ESA sponsored medical doctor Beth Healey writes:
One of the most important things for us at Concordia is staying fit. Staying fit is easier said than done, especially during the long polar night. At times it was pretty hard to stay motivated (my trainers did not leave my bedroom nearly as often as I would have liked!). However, from taking a short walk outside to participating in an international rugby match, sport has always remained something I enjoy, even in Antarctica.
During the summer the temperatures (around –30°C) were warm enough for us to organize sports matches outside.

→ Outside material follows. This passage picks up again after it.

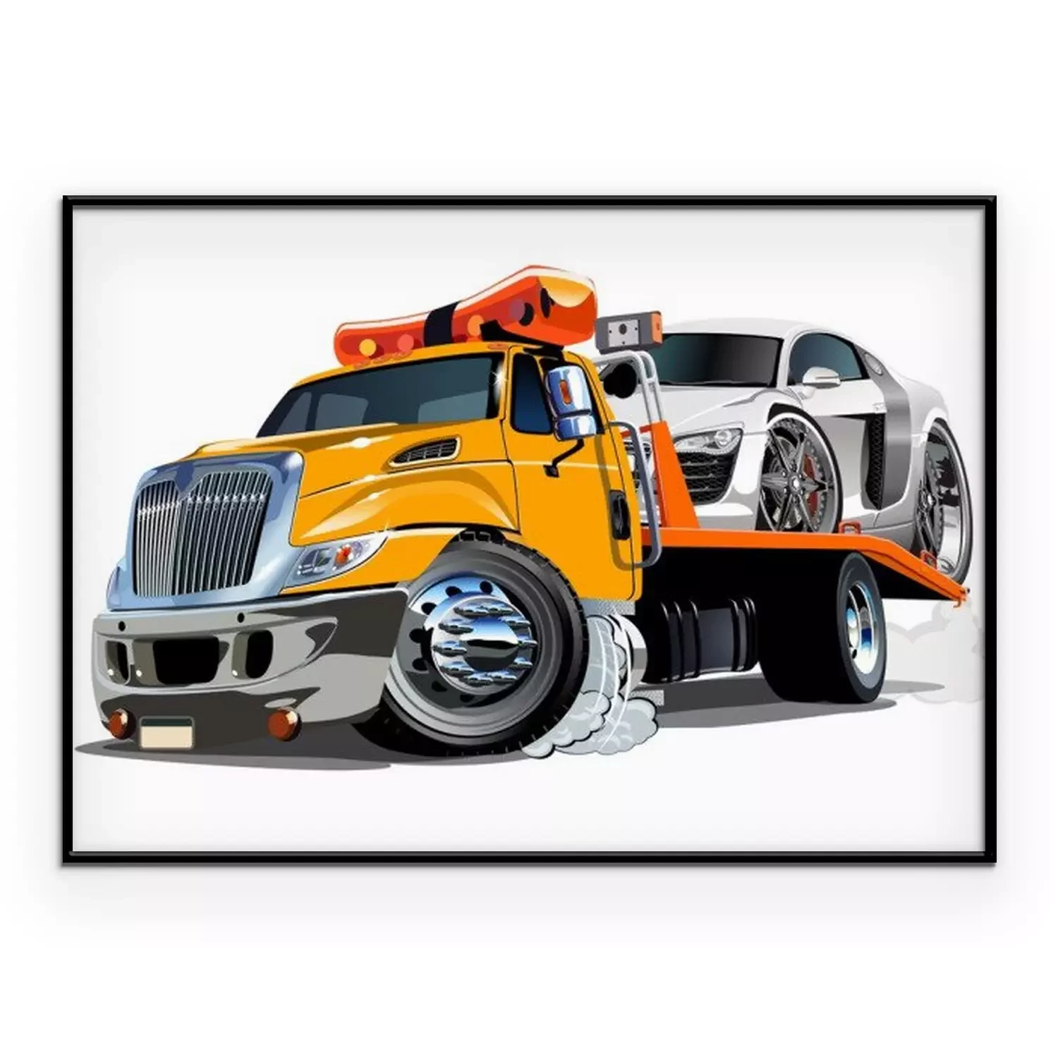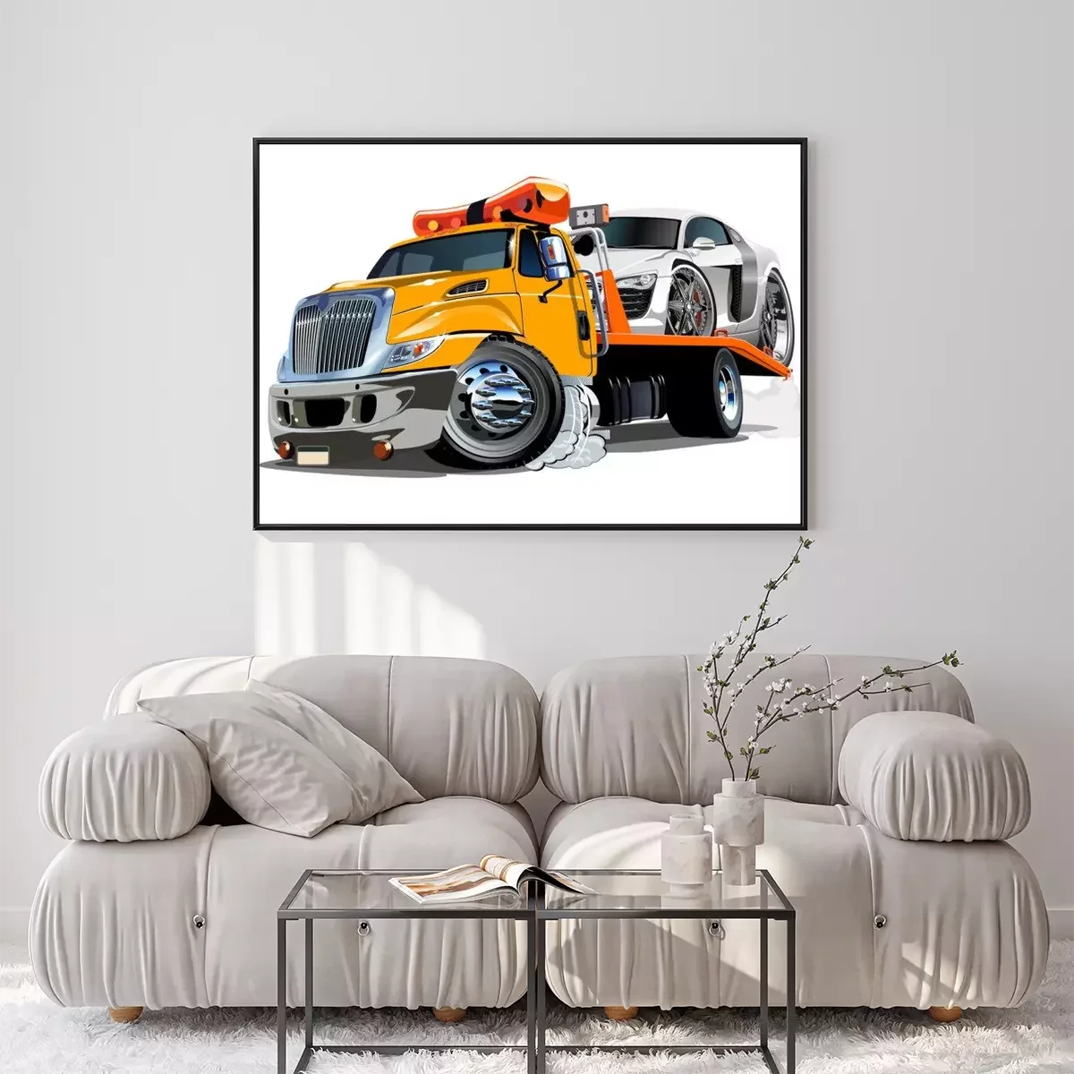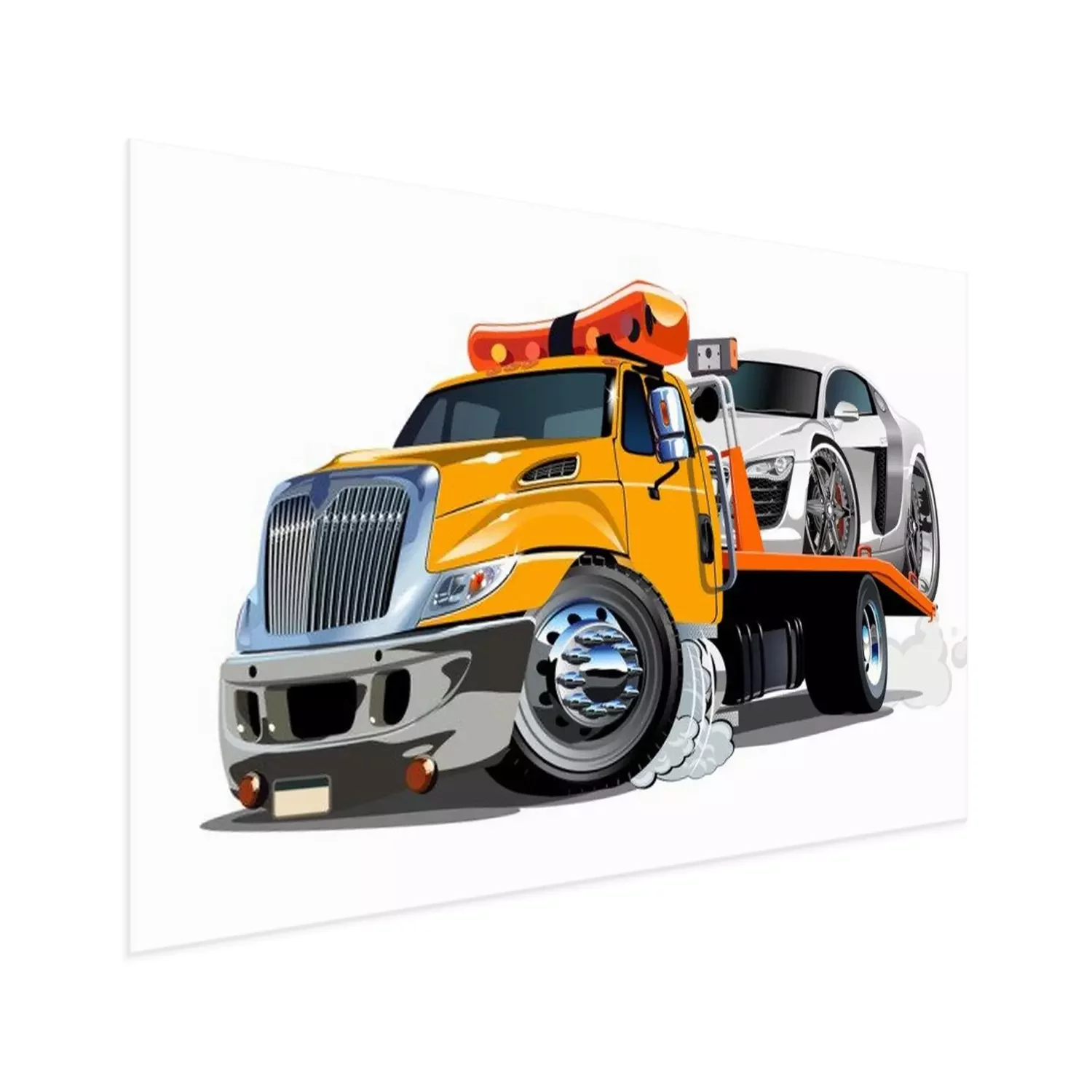 Poster: Cartoon-Anhänger mit gelbem Fahrerhaus

When we had time one of my favorite things to do was to participate in the France vs Italy rugby matches that were played here, although I participated somewhat lightly compared to the others. Things were taken very seriously and the national anthem of the respective countries was always played and sung by the teams before starting a match. On one occasion we also had coverage in the sports section of a national newspaper.
Other team sports enjoyed during the summer campaign were volleyball and basketball. Football is actually bit of a challenge here as the cold temperatures mean that the ball loses its bounce!
During the summer, every Sunday Nicola (a seasoned PNRA Antarctic crewmember) would without fail lead a long distance walk around the base (which typically included several lengths of the runway). He would also host an early morning stretching session every day which always helped wake me up!
Due to the compactness of the snow in some areas it is possible to ride bikes and this doubles up as an effective mode of transportation to move around shelters for work.
In the winter, due to the very low temperatures and poor visibility outside it is generally only practical to use the gym (I did manage a very spritely run around the base at -80°C following a sauna on Midwinters day though, in order to join the 300 club!). Our gym is well equipped and you can find most of the things you would expect in a standard gym back home in the UK.
The exercise is not quite so standard though as Concordia is 3233 m above sea level. Take into consideration the lower pressures and temperatures and it is like living at around 4000m! As a result, most of us are still saturating around 90-93% oxygen even after having been here almost a year! This makes sport more of a challenge and I frequently reach saturations in the mid-eighties with only moderate intensity exercise!
A good level of exercise has been a really important factor for me here, especially during the long polar night in order to maintain a stable mood, reduce stress and maintain my energy levels. It was also great socially and for team bonding during the Summer campaign!